But that does not mean budget-related problems for the government have gone away, as a quick look at today's front pages will show.

The Times is splashing a story about on ongoing complaints from business about the impact of the national inheritance tax increase. It says "a post-budget survey of 185 businesses by the CBI found that 61 per cent of companies polled had formed a negative view of [Rachel] Reeves's announcements, while 60 per cent said it had made Britain a less attractive place to invest."

The Daily Mail is splashing on a story about how councils in England will be allowed to raise council tax by up to 5% next year without holding a referendum. This is exactly the same cap that has been in place since 2022, but a 5% rise would now be above inflation, and the Conservatives are suggesting the cap should be lower.
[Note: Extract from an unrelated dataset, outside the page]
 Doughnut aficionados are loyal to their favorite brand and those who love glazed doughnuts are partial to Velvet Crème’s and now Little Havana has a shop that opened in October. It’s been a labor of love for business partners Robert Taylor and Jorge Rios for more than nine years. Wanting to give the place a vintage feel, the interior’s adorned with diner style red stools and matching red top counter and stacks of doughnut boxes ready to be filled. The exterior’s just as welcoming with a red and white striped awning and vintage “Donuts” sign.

Sir Mark Rowley, the Metropolitan police commissioner, has given an interview to the BBC saying there will be "eye-watering cuts" to the police in London because of a lack of government funding. It is not unusual for people running big public service organisations to complain about their budgets when they are negotiating with Whitehall for money, but Rowley's comments are striking nevertheless. In an interview with Nick Robinson for his Political Thinking podcast Rowley said he was "deeply troubled" by the situation he was in. He explained:

This is not just about this year's decisions, but it's a cumulative effect of decisions over the last decade or so which have put us in a more and more precarious position.
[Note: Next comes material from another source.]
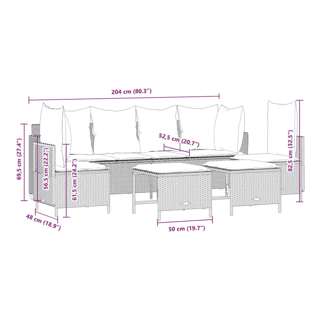 - Dimensions : 204 x 55 x 69,5 cm (l x P x H)

Some of the things that successive commissioners and mayors have used to balance the books - like selling police stations and using reserves - all of those things have run out. So those are propped up the budget. Those props have gone.

The chancellor has been very clear - it's a difficult public sector context. You add all those things together and you get a dramatic change in budgets, and of a scale that's never going to be absorbed by efficiencies. And it's going to require some pretty eye-watering cuts to the services we provide to London.

Rowley said he faced some "very, very difficult choices" and that these would become clear to the public "over the next few weeks".

The government says it will increase spending on the police next year, but individual force budgets have not been decided yet. It wants to talk about pension funds instead. Reeves is delivering her Mansion House speech tonight and, as Kalyeena Makortoff reports, she is going to announce plans to merge local government retirement schemes into "megafunds".

There is not much in the political diary for today, but no doubt the God of News will give us something to write about.